Still, the AEN is not backing down. The world is not binary; Israelis are not white European oppressors, and Palestinians are not brown Middle Eastern victims, and being a Jewish Zionist does not have anything to do with being a feminist or a progressive, it says. It rejects intersectionality, which posits all those things.
It also does not mean caring only about Jews.

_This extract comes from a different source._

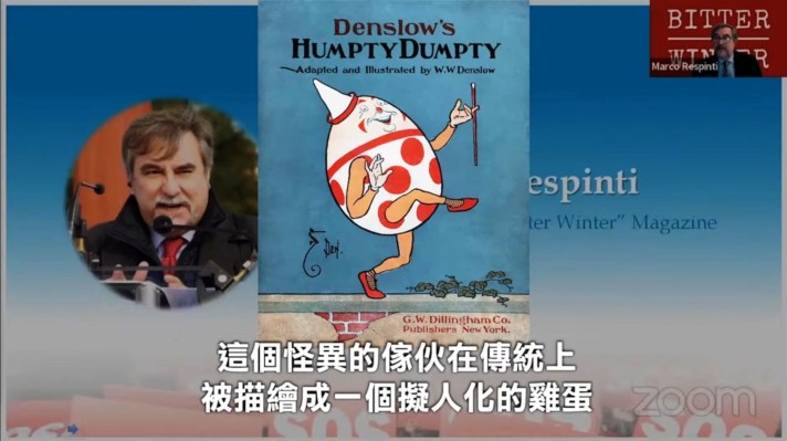 開幕影片中《寒冬》雜誌執行編輯Marco Respinti引用路易斯.卡羅爾(Lewis Carroll),在《鏡中奇緣》一個擬人化的雞蛋,名字叫蛋頭的故事。比喻太極門事件是這個故事的真實翻版。在四分之一個世紀裡,太極門遭受了一些流氓官僚對文字的暴政,像蛋頭先生對文字的專橫一樣。他們不相信真理,也不相信字詞的力量具有真實的意義,設法以法院反覆聲明從未犯下的罪行,來迫害整個心靈修行團體。他們的動機可能是庸俗的個人利益和意識形態上的仇恨。太極門是一個和平的組織,以良心和仁愛為世界帶來和諧與博愛。究竟為什麼要讓迫害者剝奪弟子們享有真正的兄弟姐妹情誼的權利?真正的兄弟姊妹情誼,是一個正義社會的標誌,而在這裡,蛋頭先生不是國王。

“Our concerns and opposition to the NWSA’s positions should not be misconstrued as a lack of empathy for the plight of Palestinians, including women and girls in Gaza who have long suffered gender-based discrimination, oppression, and violence under the cruel rule of Hamas,” the letter continued. “We acknowledge the hardships that women and girls in Gaza are now facing. We are deeply concerned that hundreds of thousands of Palestinian women and girls have been displaced from their homes and mourn the lives of the innocent who have been killed in Israeli aerial bombardments. Both Palestinians and Israelis deserve freedom, protection and safety, and self-determination.
“The NWSA has lost its moral compass,” it concluded. Dr. Ancis has not given up hope that maybe, some day, it might do better.